## ACTIVITY
Print nothing but the lines from the start of the listing below through the line that contains "Pamětní tisk připomínající". Do not include the pictures.

....

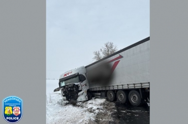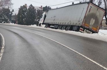Komárom és Kisbér között, a 13-az számú úton, 23-as kilométerszelvényben egy kamion felborult.
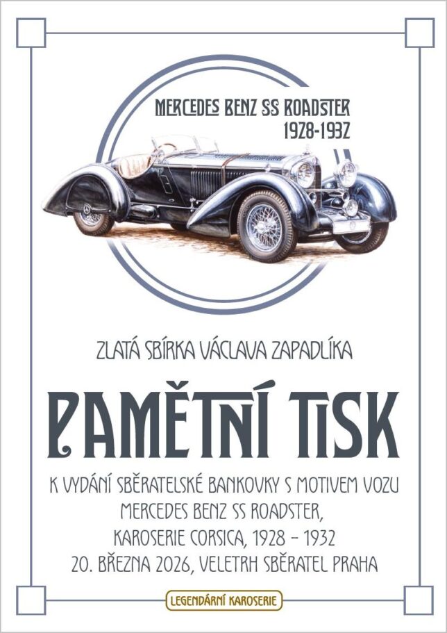 Pamětní tisk připomínající premiéru nové sběratelské bankovky z edice Zlatá sbírka Václava Zapadlíka „Legendární karoserie“ s vyobrazením automobilu Mercedes- Benz SS.
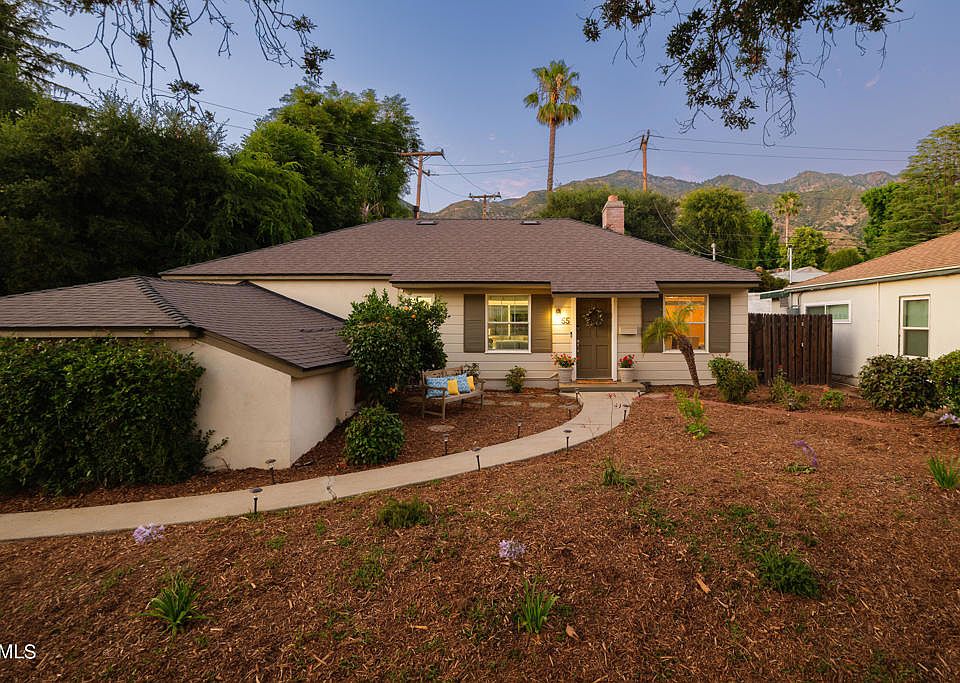 This beautiful three bedroom, one bath traditional sits at the base of our majestic foothills on a very desirable street. You enter the charming residence via the welcoming living room, with custom built-ins and a decorative fireplace, that is bookended by windows which stream in an abundance of light. In addition, there is a sitting area, an inviting formal dining room, as well as an updated kitchen with stainless steel appliances, a quaint breakfast area and a separate laundry room with pantry. Numerous highlights include wood floors, an elegantly remodeled, spa-like bathroom, ample closet place plus an oversized, attached garage. The interior opens out to an expansive covered patio and also a private fenced yard that offers sweeping views of the regal San Gabriel Mountains rising in the distance. The property showcases idyllic curb appeal, sitting up on a raised knoll, and is landscaped with a variety of California native plantings. This is truly a wonderful place to call home.
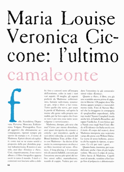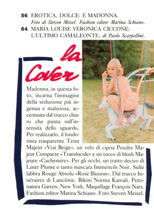 En noviembre de 1992, Madonna aparece en las portadas de las edición de Italia de la revista «Glamour». El portfolio utilizado fue el mismo tomado por Steve Meisel para la revista «Vanity Fair» USA de octubre del mismo año. La misma edición se lanzó en Francia.
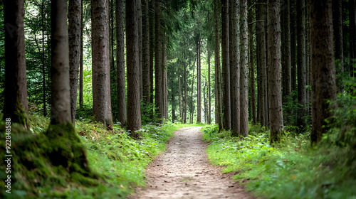 © Natthapong, Naklejka premium The Path Through the Woods: A winding dirt path meanders through a dense forest, sunlight filtering through the towering pines and illuminating the lush green undergrowth, inviting the viewer to explo
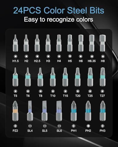 - 【24 Professional Bits】The 24 in 1 magentic screwdriver set includes a wide range of bits, catering to 5 types of screws, includes PH000-PH2 Phillips, SL1.5-4.5 Flathead, T3-T6 Torx, H0.7-H3 Hex and moreFrom Phillips to flat – head, Torx to hex, it provides all the necessary bits for different repair needs
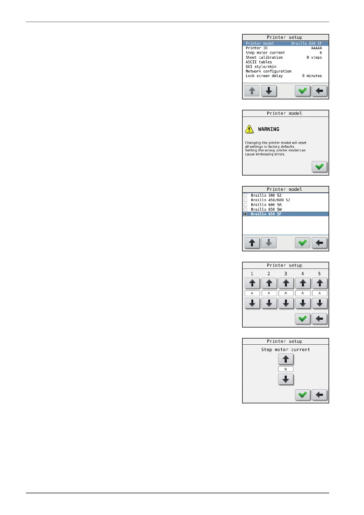 Main Menu - Printer Setup - Step motor current
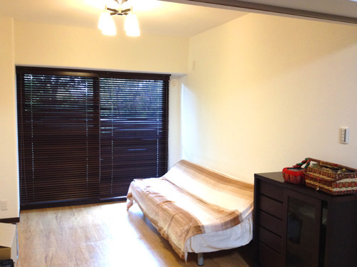 窓には重厚感あるダークブラウンの木製ブラインドを取り付け、アンティーク調の照明とともに、落ち着いた雰囲気のお部屋になりました。
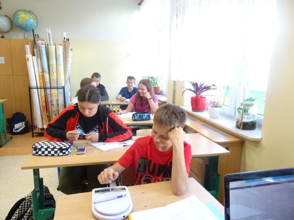Na lekcjach fizyki uczniowie klas siódmych uczyli się jak wykonywać doświadczenia, dokonywali pomiarów masy, długości i temperatury. Zwracali uwagę na zgodne z instrukcją użycie przyrządów, poprawne odczytywanie wyników i zapisywanie ich wraz z niepewnością pomiarową. Porównywali wyniki otrzymane za pomocą różnych przyrządów pomiarowych, np. linijki i suwmiarki, wagi kuchennej, laboratoryjnej i jubilerskiej.
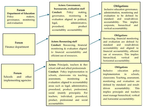 In the proposed model (Figure 1), Bovens’s accountability categories are essential in prescribing roles, responsibilities and obligations for agencies and stakeholders within policy documents, ensuring they are detailed and comprehensive enough to cover the scope and features of inclusive education as envisioned by national governments. At the upper level of Forums, two key state government institutions (the policy-making department, such as the department of education, and the finance department) are indispensable to accountability. The actors in the education department, as policy makers, and finance department, as the pedestal for resource allocation, have specific accountability obligations relating to governance and resourcing, which should be prescribed in the IE policy. These prescriptions should encompass the legal dimensions, including human rights, governance stipulations, resourcing and principles of standard-driven and result-driven accountability (Anderson, 2005; McLaughlin & Rhim, 2007).

....

## OUTPUT
Komárom és Kisbér között, a 13-az számú úton, 23-as kilométerszelvényben egy kamion felborult.
 Pamětní tisk připomínající premiéru nové sběratelské bankovky z edice Zlatá sbírka Václava Zapadlíka „Legendární karoserie“ s vyobrazením automobilu Mercedes- Benz SS.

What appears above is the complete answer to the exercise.